Research has suggested that prediction markets are at least as accurate as other institutions predicting the same events with a similar pool of participants.[1]

History

Economic theory for the ideas behind prediction markets can be credited to Friedrich Hayek in his 1945 article "The Use of Knowledge in Society" and Ludwig von Mises in his "Economic Calculation in the Socialist Commonwealth". Modern economists agree that Mises' argument combined with Hayek's elaboration of it, is correct ("Biography of Ludwig Edler von Mises (1881–1973)," The Concise Encyclopedia of Economics). One of the oldest and most famous is the University of Iowa's Iowa Electronic Markets, introduced during the 1988 U.S. presidential election.[2] The Hollywood Stock Exchange, a virtual market game established in 1996 and now a division of Cantor Fitzgerald, LP, in which players buy and sell prediction shares of movies, actors, directors, and film-related options, correctly predicted 32 of 2006's 39 big-category Oscar nominees and 7 out of 8 top category winners. HedgeStreet, designated in 1991 as a market and regulated by the Commodity Futures Trading Commission, enables Internet traders to speculate on economic events.

Prediction markets have a long and colorful lineage.
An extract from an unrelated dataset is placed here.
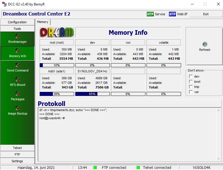 joker55 Geplaatst: 14 juni 2021 Auteur Geplaatst: 14 juni 2021 ik zie ook dat je eigenlijk DCC-E2 genoemd hebt....deze had ik nog niet, ffr gedownload. 20 minuten geleden, joker55 zei: via DCC_E2.exe kun je de HDD van de Vu+ benaderen en meerdere gegevens opvragen in telnet met de juiste syntax bijvoorbeeld >mount< om te zien hoe de HDD is aangekoppeld="gemount" Hier dus wat plaatjes, maar commando mount geeft hetzelfde antwoord als eerder gepost. HUMAX iCord is vervangen door de VU+ 4k SOLO,

Betting on elections was common in the U.S. until at least the 1940s, with formal markets existing on Wall Street in the months leading up to the race. Newspapers reported market conditions to give a sense of the closeness of the contest in this period prior to widespread polling. The markets involved thousands of participants, had millions of dollars in volume in current terms, and had remarkable predictive accuracy.[3]

Around 1990 at Project Xanadu, Robin Hanson used the first known corporate prediction market. Employees used it in order to bet on, for example, the cold fusion controversy.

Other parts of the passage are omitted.